_Goal of the exercise_: Would you return, word for word, the lines of the data below from the line with "Cuaderno Océano atardecer" through the line with "今天還是特別的一天,晚上7:00,我們就", and no others?

_Records for the exercise_:

== Segment start ==

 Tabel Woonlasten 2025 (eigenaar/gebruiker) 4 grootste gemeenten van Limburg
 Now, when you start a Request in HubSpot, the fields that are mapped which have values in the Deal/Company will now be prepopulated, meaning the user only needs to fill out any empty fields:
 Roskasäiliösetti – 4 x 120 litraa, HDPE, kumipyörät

== Segment end ==
== Segment start ==

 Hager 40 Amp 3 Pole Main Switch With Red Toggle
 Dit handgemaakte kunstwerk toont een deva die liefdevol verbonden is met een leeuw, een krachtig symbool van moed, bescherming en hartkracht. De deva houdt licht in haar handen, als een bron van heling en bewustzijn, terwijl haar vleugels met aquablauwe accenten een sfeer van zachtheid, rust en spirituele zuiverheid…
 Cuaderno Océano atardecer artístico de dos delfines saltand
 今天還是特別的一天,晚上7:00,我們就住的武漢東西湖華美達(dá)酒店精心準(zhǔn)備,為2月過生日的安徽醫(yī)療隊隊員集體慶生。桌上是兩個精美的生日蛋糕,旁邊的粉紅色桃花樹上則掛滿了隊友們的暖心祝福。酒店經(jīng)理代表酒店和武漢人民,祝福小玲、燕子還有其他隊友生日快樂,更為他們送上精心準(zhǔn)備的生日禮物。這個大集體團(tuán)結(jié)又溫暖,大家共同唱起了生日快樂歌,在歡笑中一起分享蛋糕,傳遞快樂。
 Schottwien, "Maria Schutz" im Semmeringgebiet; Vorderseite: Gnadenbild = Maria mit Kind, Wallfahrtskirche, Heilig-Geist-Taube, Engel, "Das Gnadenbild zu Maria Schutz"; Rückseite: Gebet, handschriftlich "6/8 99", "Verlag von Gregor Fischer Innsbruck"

== Segment end ==

_Solution to this exercise_:
 Cuaderno Océano atardecer artístico de dos delfines saltand
 今天還是特別的一天,晚上7:00,我們就住的武漢東西湖華美達(dá)酒店精心準(zhǔn)備,為2月過生日的安徽醫(yī)療隊隊員集體慶生。桌上是兩個精美的生日蛋糕,旁邊的粉紅色桃花樹上則掛滿了隊友們的暖心祝福。酒店經(jīng)理代表酒店和武漢人民,祝福小玲、燕子還有其他隊友生日快樂,更為他們送上精心準(zhǔn)備的生日禮物。這個大集體團(tuán)結(jié)又溫暖,大家共同唱起了生日快樂歌,在歡笑中一起分享蛋糕,傳遞快樂。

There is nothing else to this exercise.